心原性ショック。構造異常によって引き起こされる心原性ショックは外科的に治療されます。 冠動脈血栓症は、冠動脈の多血管病変が検出された場合(冠動脈バイパス移植術)、経皮的介入(血管形成術、ステント留置術)または血栓溶解療法によって治療されます。たとえば、心房細動の頻脈や心室頻拍は、電気的除細動または心室頻拍によって回復します。薬。 徐脈は経皮または経静脈ペースメーカーの埋め込みによって治療されます。 アトロピンは、ペースメーカーの植え込みを待つ間、5 分間で最大 4 回の静脈内投与が可能です。 アトロピンが無効な場合にはイソプロテレノールが処方されることがありますが、冠状動脈疾患による心筋虚血の患者には禁忌です。

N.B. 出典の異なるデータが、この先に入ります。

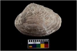 | Description / विवरण | Specimen of a large bivalve marine shell with sharp edge. Probably use as spoon. |

肺動脈閉塞圧が低いか正常である場合、急性心筋梗塞後のショックは体積拡張によって治療されます。 肺動脈カテーテルが所定の位置にない場合は、胸部の聴診が行われながら(多くの場合過負荷の兆候を伴う)、注入は慎重に行われます。 右心室梗塞後のショックは、通常、部分的な体積の拡大を伴います。 ただし、昇圧剤が必要な場合もあります。 変力性サポートは、正常または正常以上の充填状態の患者に最も適しています。 ドブタミン投与中に、特に高用量で頻脈や不整脈が発生することがあるため、薬剤の用量を減らす必要があります。 血管拡張薬(ニトロプルシド、ニトログリセリンなど)は、静脈容量を増加させたり、全身の血管抵抗を低下させたりして、損傷した心筋へのストレスを軽減します。 併用療法(例、ドーパミンまたはドブタミンとニトロプルシドまたはニトログリセリン)はより有益である可能性がありますが、頻繁なECGおよび肺および全身の血行動態モニタリングが必要です。 より重度の低血圧の場合は、ノルエピネフリンまたはドーパミンが投与されることがあります。 イントラバルーンカウンターパルセーションは、急性心筋梗塞患者のショックを一時的に軽減するための貴重な方法です。

閉塞性ショックの場合、心タンポナーデには即時心膜穿刺が必要ですが、これはベッド上で行うことができます。